# The fragility of cancer treatment

## ... or lack thereof.

Posted by Jeffrey West on May 28, 2019

This story begins the same way all great stories begin: on Twitter (ha…).

Last fall, as my ten-year high school reunion fast was approaching I reached out to one of my classmates on Twitter, which led to a few intriguing phone calls. Long story short, our conversation eventually led us to trade book recommendations. He recommended a few books by Nassim Taleb: a well-known mathematician, author, and “uncertainty” guru.

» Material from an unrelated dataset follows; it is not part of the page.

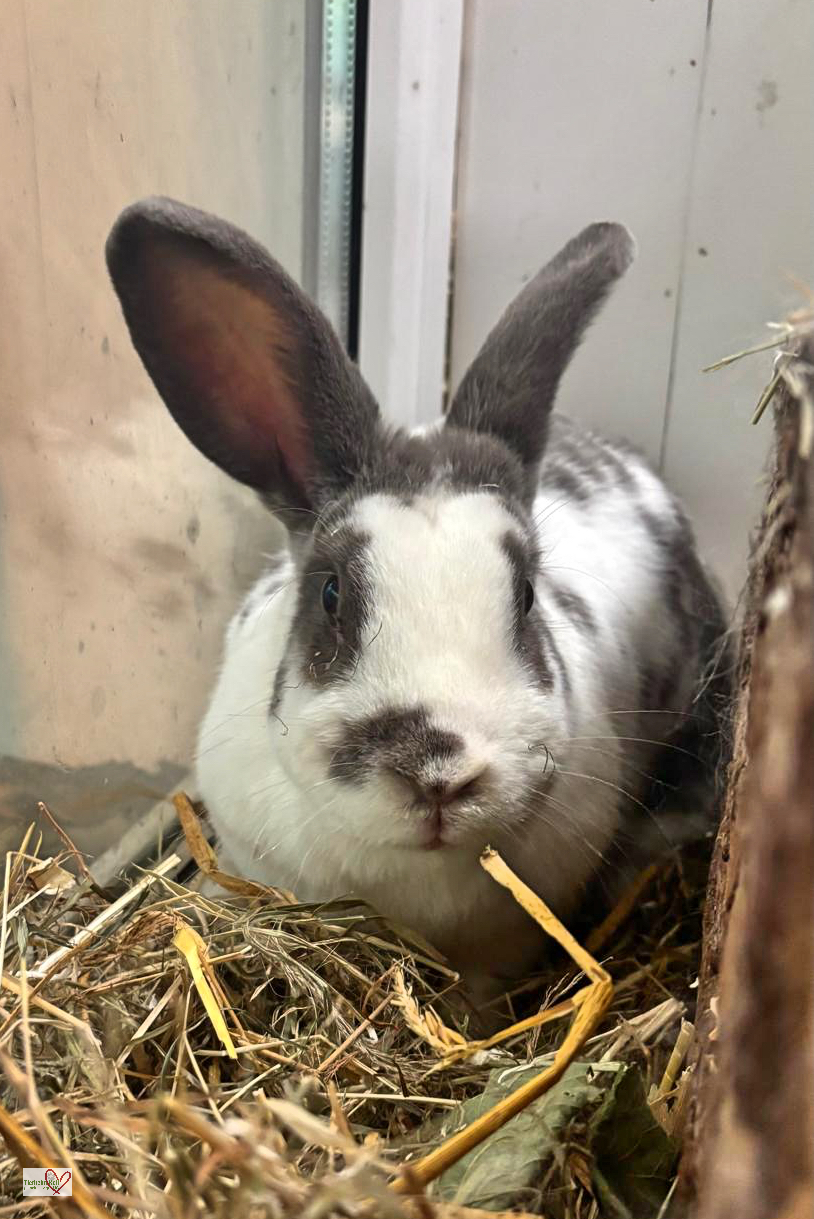 Kaninchenböckchen Michel hat, wie sein Leidensgenosse Lui, die letzten sechs Jahre in einem kleinen Kaninchenkäfig verbracht. Er ist etwas ängstlicher und schüchterner als Lui. Michel wurde bei uns kastriert und muss daher noch ein paar Wochen bis zur Vergesellschaftung warten. Danach sucht auch er eine nette Partnerin gleichen Alters inklusive großem artgerechtem Kaninchengehege mit vielen Rückzugsmöglichkeiten.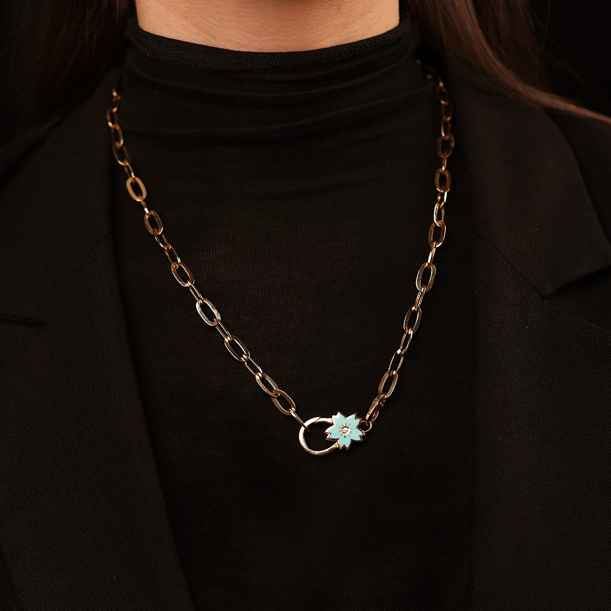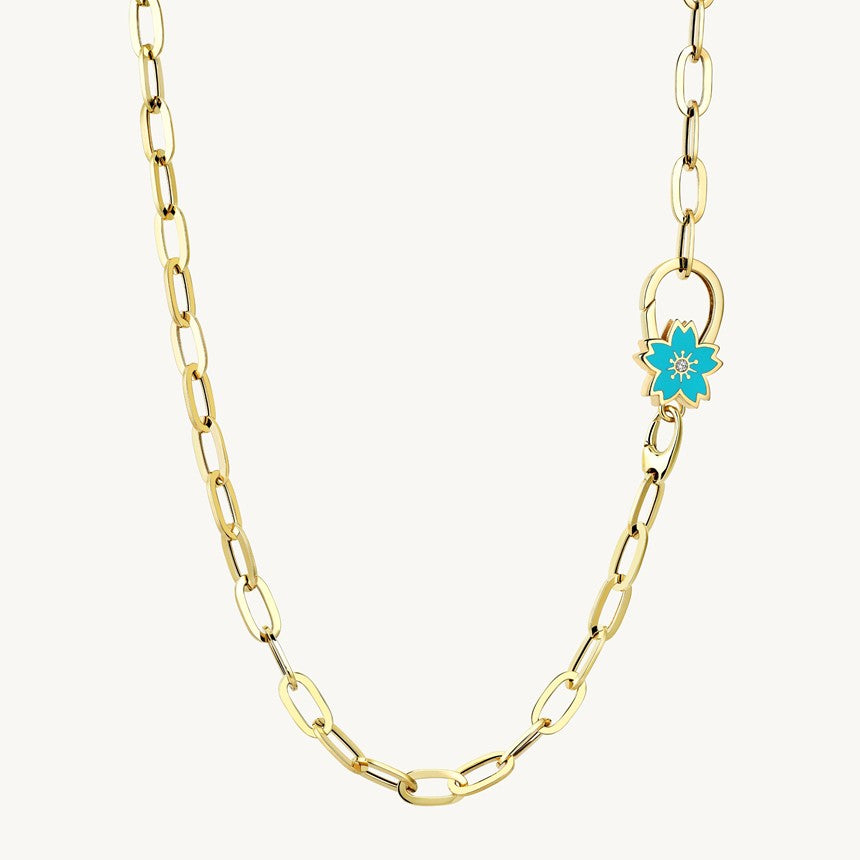 Cetaş Mavi Mineli Çiçek Detaylı 14 Ayar Altın Kolye

Taleb has a series of books on topics like luck, uncertainty, probability, human error, risk, and decision-making (e.g. Fooled by Randomness; The Black Swan). His latest explores natural systems which inherently benefit from disorder. He coins the term “anti-fragile” to describe these systems that aren’t just robust to variance, but derive increased benefit!

After dutifully following Taleb on Twitter (still waiting for my #FollowBack, alas…), I see him retweet a Wired article which describes ongoing adaptive therapy trials at Moffitt, noting that adaptive cancer therapy follows the pattern of anti-fragile systems. Adaptive therapy has the potential to shift the current paradigm of cancer treatment. Although it’s gaining increased interest, it’s intriguing to see how quickly Taleb picked up on the concept, adding his hearty “it makes sense to me!” (of course, I paraphrase..)

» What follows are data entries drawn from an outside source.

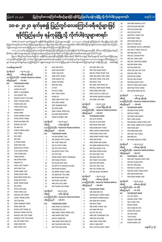 (၁၀-၈-၂၀၂၀) ရက်မှစ၍ ပြည်တွင်းလေကြောင်းခရီးစဉ်များဖြင့် ရခိုင်ပြည်နယ်မှ ရန်ကုန်မြို့သို့ လိုက်ပါခဲ့သူများအနေဖြင့် တိုင်းဒေသကြီး/ ပြည်နယ်များရှိ နီးစပ်ရာ ကျန်းမာရေးဌာနများနှင့် အုပ်ချုပ်ရေး အဖွဲ့အစည်းများသို့ ချက်ချင်းသတင်းပို့ ကျန်းမာရေးစစ်ဆေးမှုခံယူရန် လိုအပ်ပါသည်။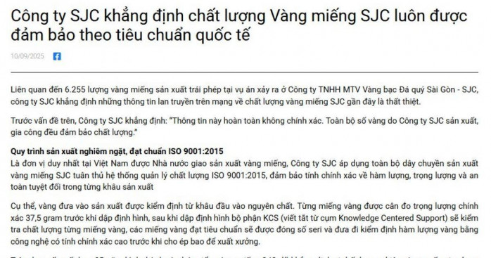 Cựu TGĐ SJC sản xuất trái phép 6.255 lượng vàng: SJC chính thức lên tiếng, khẳng định vàng miếng đạt chuẩn Trần Hà My - 11/09/2025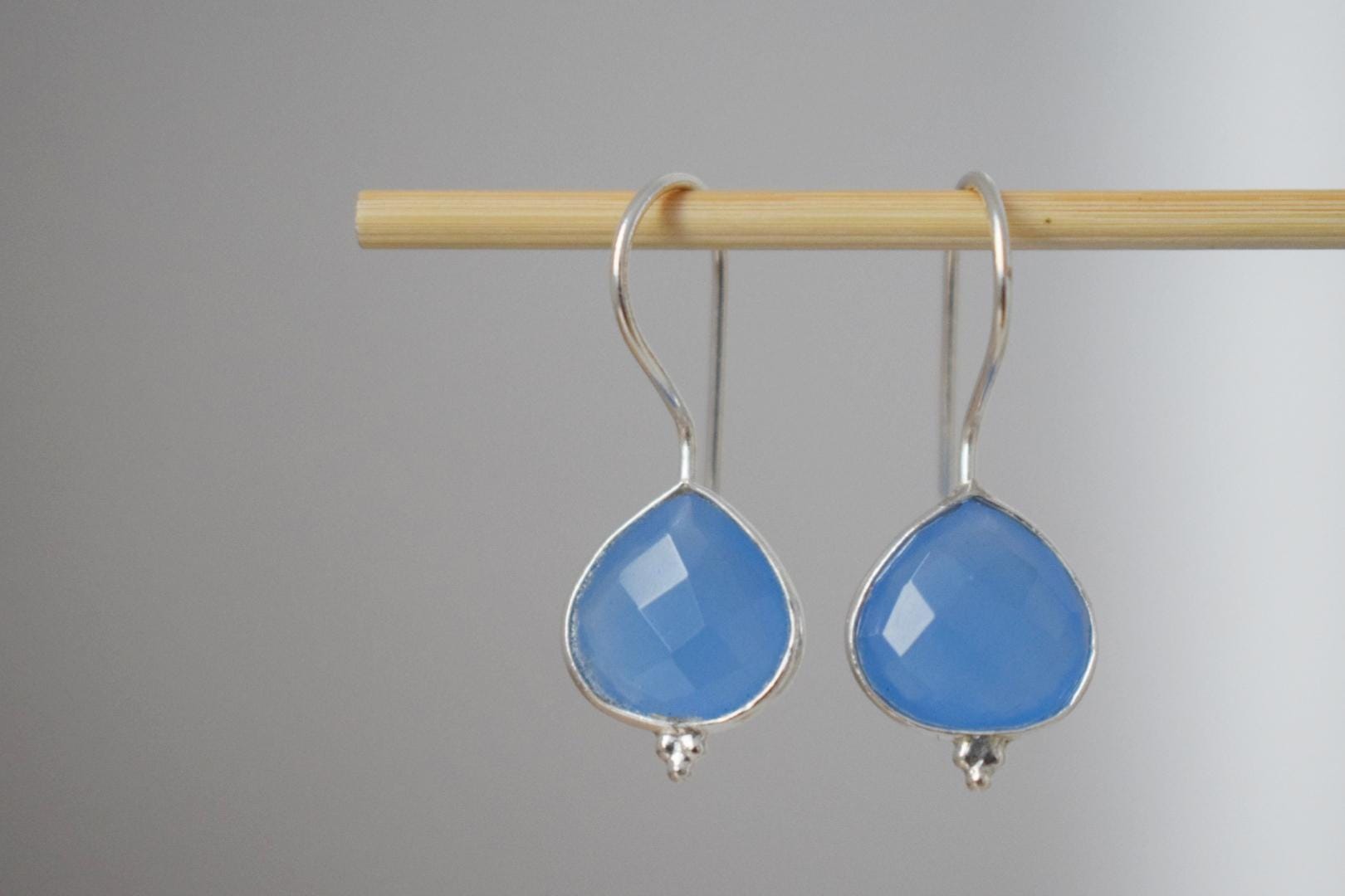 Christmas jewellery gifts, Blue Chalcedony earrings in 925 sterling silver, Teardrop gemstone, Natural stone, Unique jewelry, gift for her

So naturally I downloaded Taleb's anti-fragility preprint and I will explain the concept of anti-fragility below, and speculate how it may relate to adaptive cancer therapy. Let’s begin.

## Random dosing strategies

Below, we have patient tumor volume response, $$v(t)$$, (left) to two dosing strategies (right). Rather than a pre-planned prescribed schedule we will draw random numbers subject to a probability distribution function, which gives us the probability of selecting a given dose, x: $$P(x)$$.

The red dosing strategy is a narrow distribution $$(\mu = 0.7; \sigma = 0.01)$$. This results in a slow, but steady decline in tumor growth. Increasing the variance $$(\mu = 0.7; \sigma = 0.2)$$ leads to an overall improved outcome at the end of 20 months, but short term tumor growth (e.g., see t = 4). With identical cumulative dose delivered over time, an improved response is shown for the $$P(x)$$ with increased variance. Here, the system can be called “anti-fragile” because benefit is derived from increased disorder.

But let’s turn to some mathematical underpinnings of this anti-fragility concept. We can predict how variance in dosing affects tumor response by observing the curvature of dose response curves.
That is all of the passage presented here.